We believe data digestion should be automated, and it should be done in an user-friendly manner 🔑.


Easy to setup

In addition to installation, the setup of bioinformatics pipeline is another stop that every user has to endure before launching the beautiful data analysis journey. In context of processing CEL-Seq2 data, the setup means telling pipeline where to find the aligner index files to align reads, where to find the genome annotation for quantification, and what is the length of UMI or cell barcodes, etc. These are required information to perform data digestion.

Instead of having users specify them over and over again when launching pipeline, we aimed to bring an user experience where the setup needs done for once and once only. This is the motivation behind configuration file, and we believe it should be reusable for fixed type of species.

See "Configuration" for details.

In addition, here is an utility tool named MrY. It aimed to download and manage all the genome FASTA files, annotations (GTF/GFF) and furthermore create aligner index (Bowtie2 and STAR) in a painless way.

Easy to handle complexed experiment

We aimed to design an intuitive way for users to specify the experiments despite of its complexed layout.

A space/tab separated file called "Experiment table" is our solution.
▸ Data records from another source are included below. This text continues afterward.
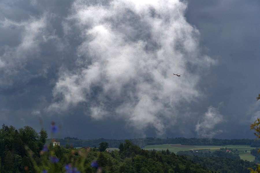Aber um 6 war Schluss mit der Ruhe, ich kam mir vor wie im Militär. Das Morgengewitter brachte nicht sehr viel zustande, immerhin ein Miniaturblitz mehr in der Kamera. Noch unergiebiger war eine Neubildung im Osten Richtung Magadino-Ebene, etwa um 10 Uhr.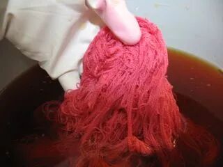 4、最后还要再加一次石榴汁或乌梅汁,继续用醋/米汤也可以,这些酸性的溶液可以中和掉草木灰,把溶液调回中性,这样得到的纯正红色染液,就可以用来染色了。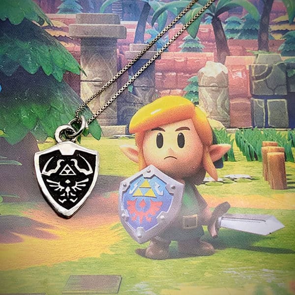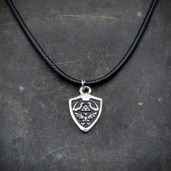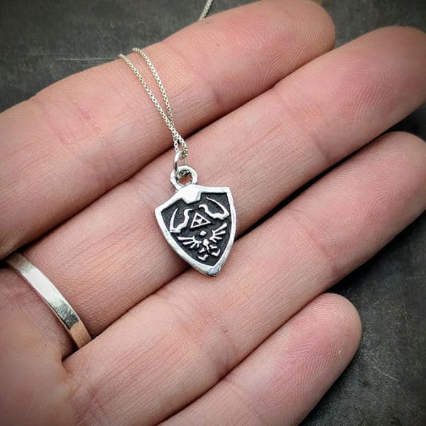 Este colgante hecho a mano en plata de ley está inspirado en el escudo de Link de los videojuegos Legend of Zelda.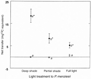 Different plant species can be compatible with the same species of mycorrhizal fungi1,2 and be connected to one another by a common mycelium3,4. Transfer of carbon3,4,5, nitrogen6,7 and phosphorus8,9 through interconnecting mycelia has been measured frequently in laboratory experiments, but it is not known whether transfer is bidirectional, whether there is a net gain by one plant over its connected partner, or whether transfer affects plant performance in the field10,11. Laboratory studies using isotope tracers show that the magnitude of one-way transfer can be influenced by shading of ‘receiver’ plants3,5, fertilization of ‘donor’ plants with phosphorus12, or use of nitrogen-fixing donor plants and non-nitrogen-fixing receiver plants13,14, indicating that movement may be governed by source–sink relationships. Here we use reciprocal isotope labelling in the field to demonstrate bidirectional carbon transfer between the ectomycorrhizal tree species Betula papyrifera and Pseudotsuga menziesii, resulting in net carbon gain by P. menziesii. Thuja plicata seedlings lacking ectomycorrhizae absorb small amounts of isotope, suggesting that carbon transfer between B. papyrifera and P. menziesii is primarily through the direct hyphal pathway. Net gain by P. menziesii seedlings represents on average 6% of carbon isotope uptake through photosynthesis. The magnitude of net transfer is influenced by shading of P. menziesii, indicating that source–sink relationships regulate such carbon transfer under field conditions.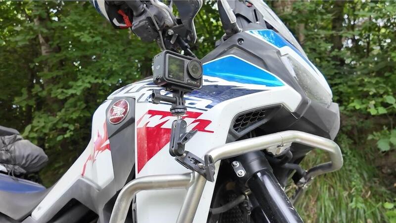 Ora un po' tutte le moto adventouring di serie o come accessori hanno diverse protezioni e punti favorevoli per il montaggio, anche alla nostra Honda non mancano, con gli agganci Smallrig molto economici ma anche efficaci ci siamo trovati sempre bene, poi dipende anche dalla qualità della action cam in grado di tagliare vibrazioni ma anche la correzione dell’orizzontale, su questo le DJI sono eccezionali.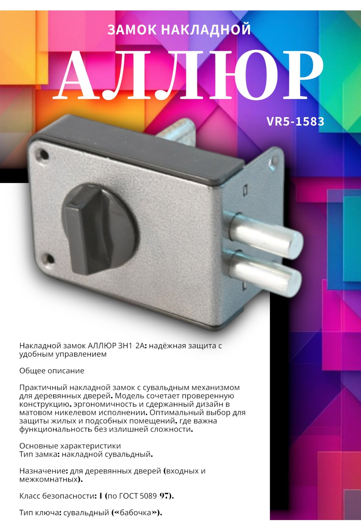 Накладной замок АЛЛЮР ЗН1‑2А: надёжная защита с удобным управлением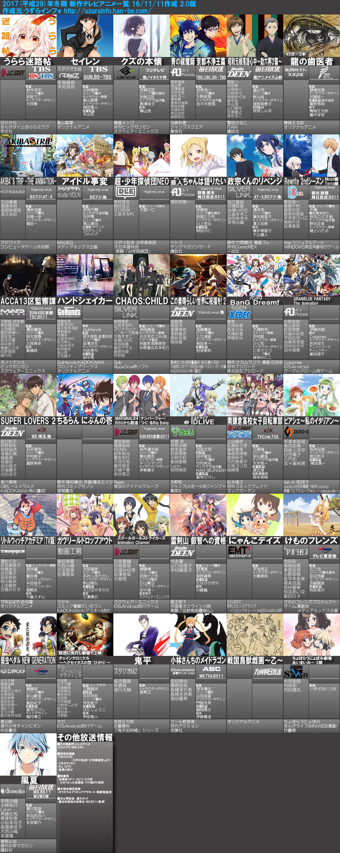 2017년 1월 (겨울) 신작 애니메이션 비공식 예정 목록 업데이트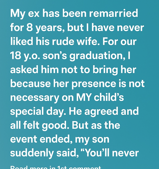 My ex-husband has been remarried for eight years, but I’ve never felt comfortable around his wife. For our son’s high school graduation, I asked him not to bring her, explaining that I wanted the day to focus entirely on our son and his accomplishments. He agreed, and I felt relieved knowing it would be a calm, happy moment for our family.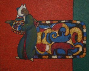 Кескіндемеші бейнелерді бірінің артына бірін орналастырып, қатпарлы жазық бетті композицияда орындаған. Әйелдің киіміндегі, қоржынындағы өрнектер мен артқы жағындағы стильденген жануар мотивіндегі бейнелер – бақуатты қазақы дәстүрлі мәдениеттің көрінісі. Сонымен қатар қызыл, жасыл, көк, сары түстер сәнді ұлттық стильді одан әрі айқындай түседі. Ерекше көзге түсетіні, қазақтың киіз өрнегіне ұқсас әрбір кескіннің сыртынан жүргізілген қара түсті сызық бейнелерді айқындай түседі. Қазақ халқының дәстүрінде киіз басқанда алдымен қара түсті жүннен иректеп өрнегін сызып алып, оның ортасын әр түске боялған жүнге толтырып барып басады. Содан өрнектер қара түспен жиектеліп, анық, дара-дара болып көрініп тұрады. Бұндай тәсіл өрнекке даралық, монументальдылық береді.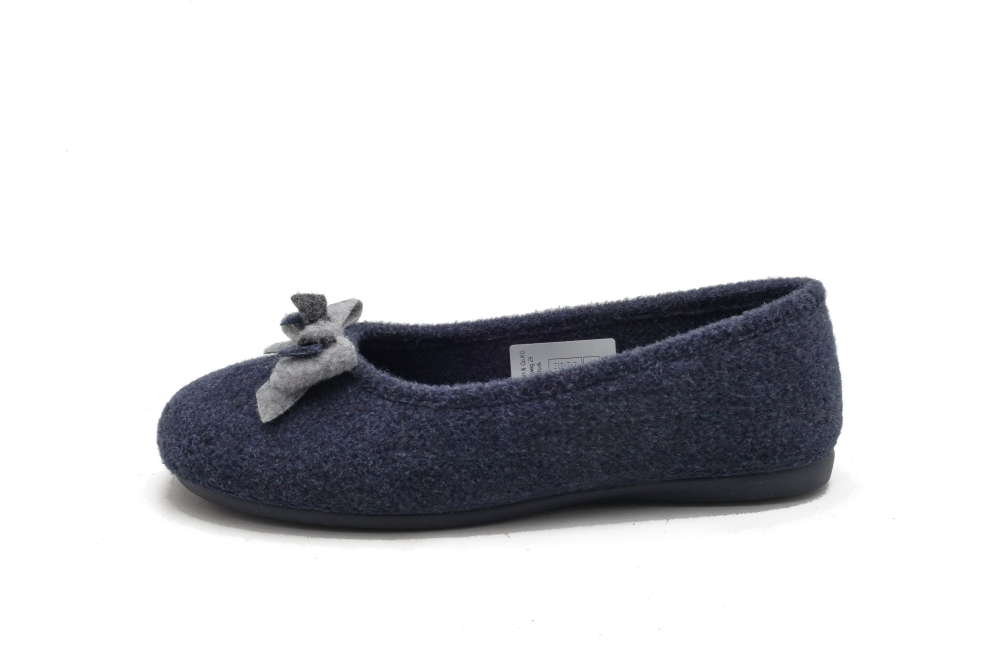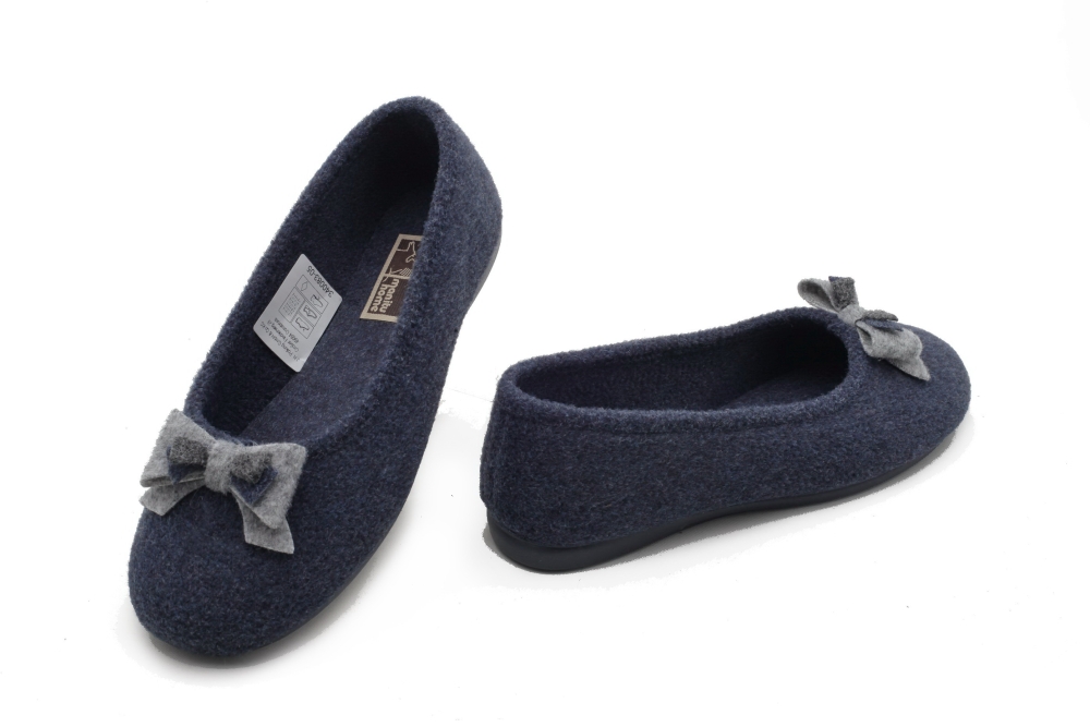 Mięciutkie i ciepłe papcie domowe w kolorze granatowym. Na nosku kokardka. Produkt niemiecki.

Each row specifies a set of CEL-Seq2 data. Filling blanks of each row by following a simple rule stated as below:

For input reads file X, claim that cells with barcode indexes from i to j come from experiment Y.
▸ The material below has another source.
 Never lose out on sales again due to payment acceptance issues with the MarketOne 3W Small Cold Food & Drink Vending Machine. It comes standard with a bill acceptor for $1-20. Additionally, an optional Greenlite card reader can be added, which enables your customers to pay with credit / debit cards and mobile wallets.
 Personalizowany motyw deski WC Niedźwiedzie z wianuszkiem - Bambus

Take the experiment in "Quick Start" for example, CEL-Seq-pipeline required a "sample sheet" with 36 lines to define the experiment layout.

#id flocell series lane il_barcode cel_barcode project
1 C5BW1ACXX CE_TC L005 4 1 CE_1_1
2 C5BW1ACXX CE_TC L005 4 2 CE_1_2
3 C5BW1ACXX CE_TC L005 4 3 CE_1_3
4 C5BW1ACXX CE_TC L005 4 4 CE_1_4
5 C5BW1ACXX CE_TC L005 4 5 CE_1_5
6 C5BW1ACXX CE_TC L005 4 6 CE_1_6
7 C5BW1ACXX CE_TC L005 4 7 CE_1_7
8 C5BW1ACXX CE_TC L005 4 8 CE_1_8
9 C5BW1ACXX CE_TC L005 4 9 CE_1_9
1 C5BW1ACXX CE_TC L008 4 1 CE_1_1
2 C5BW1ACXX CE_TC L008 4 2 CE_1_2
3 C5BW1ACXX CE_TC L008 4 3 CE_1_3
4 C5BW1ACXX CE_TC L008 4 4 CE_1_4
5 C5BW1ACXX CE_TC L008 4 5 CE_1_5
6 C5BW1ACXX CE_TC L008 4 6 CE_1_6
7 C5BW1ACXX CE_TC L008 4 7 CE_1_7
8 C5BW1ACXX CE_TC L008 4 8 CE_1_8
9 C5BW1ACXX CE_TC L008 4 9 CE_1_9
10 C5BW1ACXX CE_TC L005 4 10 CE_2_1
11 C5BW1ACXX CE_TC L005 4 11 CE_2_2
12 C5BW1ACXX CE_TC L005 4 12 CE_2_3
13 C5BW1ACXX CE_TC L005 4 13 CE_2_4
14 C5BW1ACXX CE_TC L005 4 14 CE_2_5
15 C5BW1ACXX CE_TC L005 4 15 CE_2_6
16 C5BW1ACXX CE_TC L005 4 16 CE_2_7
17 C5BW1ACXX CE_TC L005 4 17 CE_2_8
18 C5BW1ACXX CE_TC L005 4 18 CE_2_9
10 C5BW1ACXX CE_TC L008 4 10 CE_2_1
11 C5BW1ACXX CE_TC L008 4 11 CE_2_2
12 C5BW1ACXX CE_TC L008 4 12 CE_2_3
13 C5BW1ACXX CE_TC L008 4 13 CE_2_4
14 C5BW1ACXX CE_TC L008 4 14 CE_2_5
15 C5BW1ACXX CE_TC L008 4 15 CE_2_6
16 C5BW1ACXX CE_TC L008 4 16 CE_2_7
17 C5BW1ACXX CE_TC L008 4 17 CE_2_8
18 C5BW1ACXX CE_TC L008 4 18 CE_2_9

On the contrary, user will find it only takes celseq2 4 lines to do the same, and done in much more intuitive manner.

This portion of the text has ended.